Because of these inadequate commitments from the United States, ECO, an NGO publication that reports on developments at UNFCCC negotiations, wrote the following letter to President Obama that we hereby reprint.
President Obama: We Hope for Change
In his victory speech after being re-elected to a second term, President Obama swelled the hopes once again of people around the world who care about climate change when he said, “We want our children to live in an America that is not burdened by debt, that is not weakened by inequality, that is not threatened by the destructive power of a warming planet.” Those hopes continued to swell when in a press conference a few days later, he responded to a question from the media on climate by saying that he planned to start “a conversation across the country…” to see “how we can shape an agenda that garners bipartisan support and helps move this agenda forward…and…be an international leader” on climate change. President Obama appears to understand that climate change is a legacy issue that was not adequately addressed during his first term in office.
The question therefore has to be, what next? In his second term, will President Obama deliver the bold action needed to reduce the threat of climate change to the US and the world, by shifting the US economy towards a zero carbon future, and making the issue a centerpiece of US foreign policy? In the aftermath of superstorm Sandy, and the drought, wildfires and other extreme weather events that have afflicted the US over the last year, it is clearly time for President Obama to press the reset button on climate policy, both nationally and internationally.
First, the world needs to hear from the President and his negotiating team here in Doha that they remain fully committed to keeping the increase in global temperature far below 2 degrees, that it is not only still possible but essential to do so, and that the USA is going to provide leadership in this collective effort.
The administration should then make clear how it will meet its current 17 percent reduction target. While US emissions are decreasing slightly – both as a result of the administration’s policies on renewable energy and vehicle fuel economy standards and because of sharply lower natural gas prices that have reduced coal use for electricity generation – it is unlikely that without additional regulation or legislation that the US will meet its 2020 target. The delegation should also clarify what the Obama Administration will do to put the US on track to the near-elimination of emissions by mid-century called for by the scientific community.

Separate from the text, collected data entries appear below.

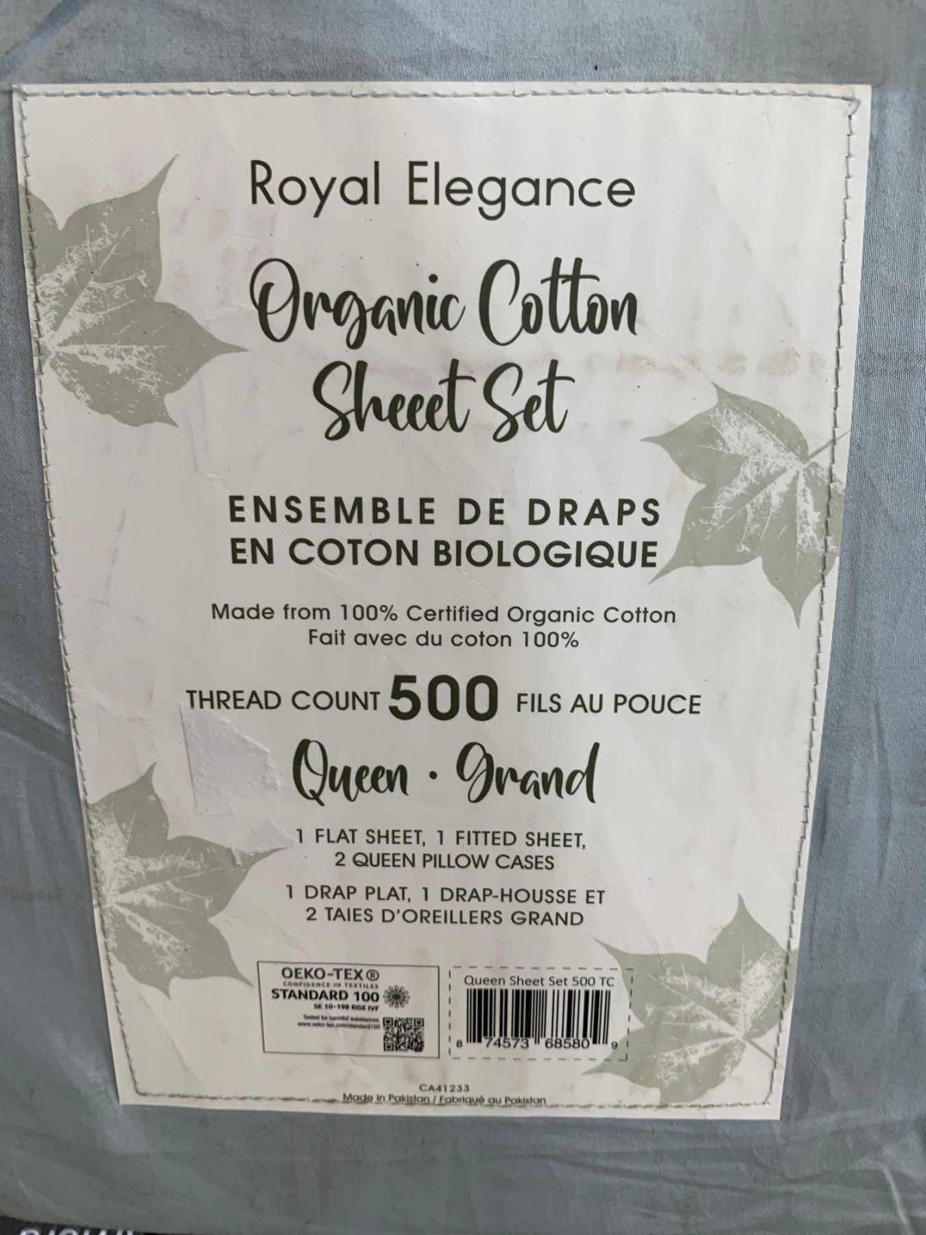 Royal Elegance Organic Cotton Sheet Set 500 Thread Count Queen Size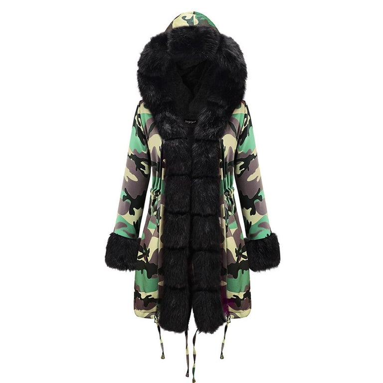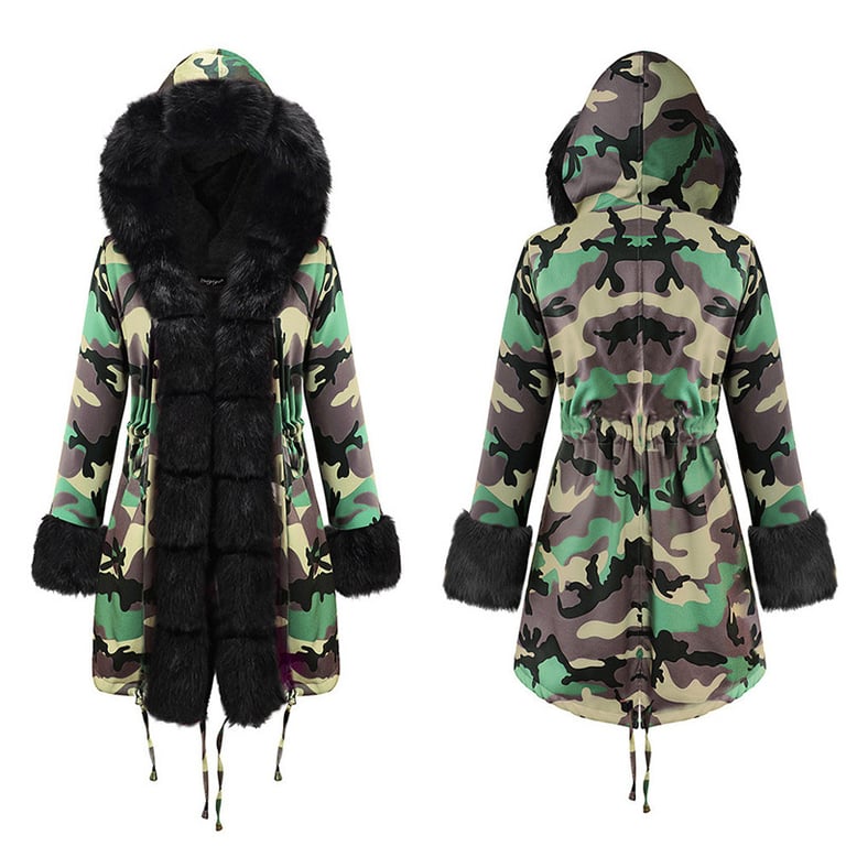 Enhance your wardrobe with a stylish coat jacket featuring a highly elegant fur texture. The longer cut with a comfortable hood will delight any woman who enjoys skirts and dresses. The jacket only has ties for fastening, not a zip.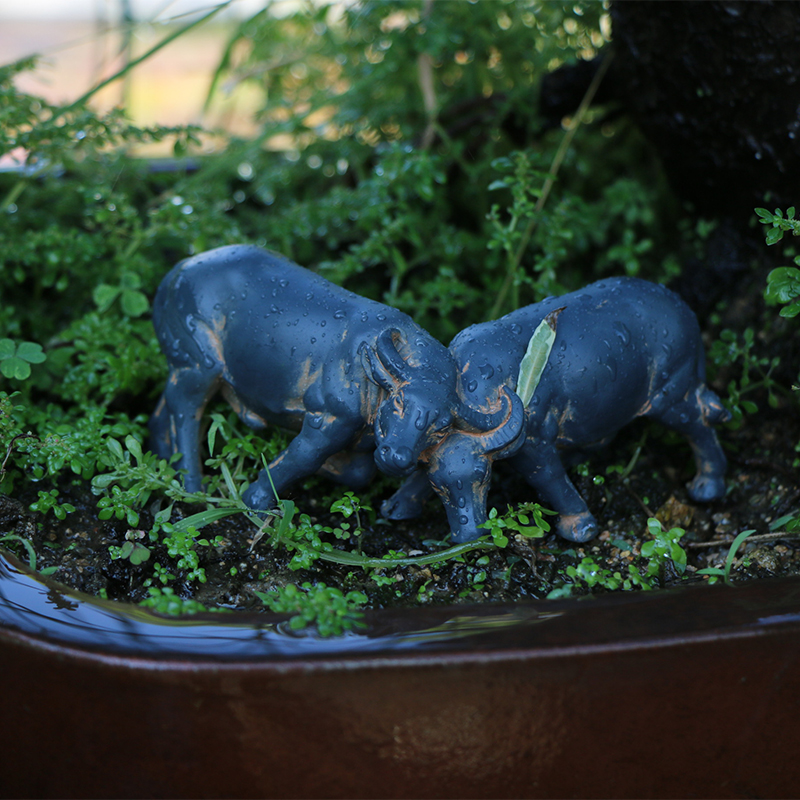 仿真水牛黄牛桌面客厅装饰创意卡通可爱摆件花盆盆景造景动物配件
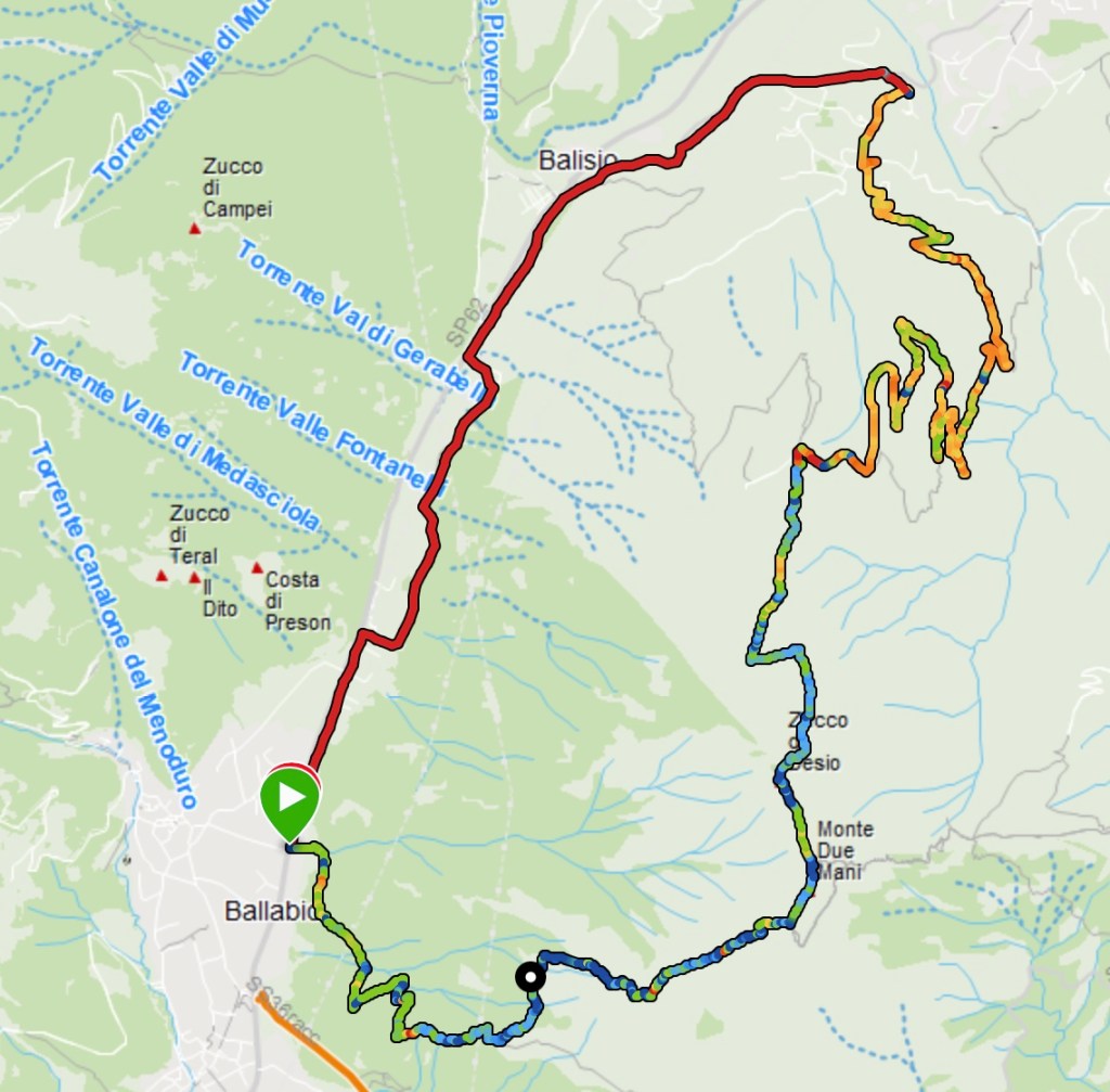 E così oggi abbiamo deciso di salire: un bel vertical da Ballabio al Monte Due mani con discesa dolce a Maggio e rientro a Ballabio da Balisio e ciclabile.

Finally, delegations need to hear that the US remains committed to meeting its fair share of the Copenhagen pledge of mobilizing $100 billion in climate finance per year by 2020, as well as which innovative finance options the administration is prepared to support to get there.
These four steps would go a long way to reset US climate diplomacy. They would show that instead of dragging the world down to the level of what is (not) possible in the USA, President Obama and his team are going to pull the US up to what the science and the world demands to avoid catastrophic climate change.
One last point: every coach knows that when you find your team down by several goals at half-time, a change in your game plan may not be enough; it may also be time to make some substitutions to the players on the field.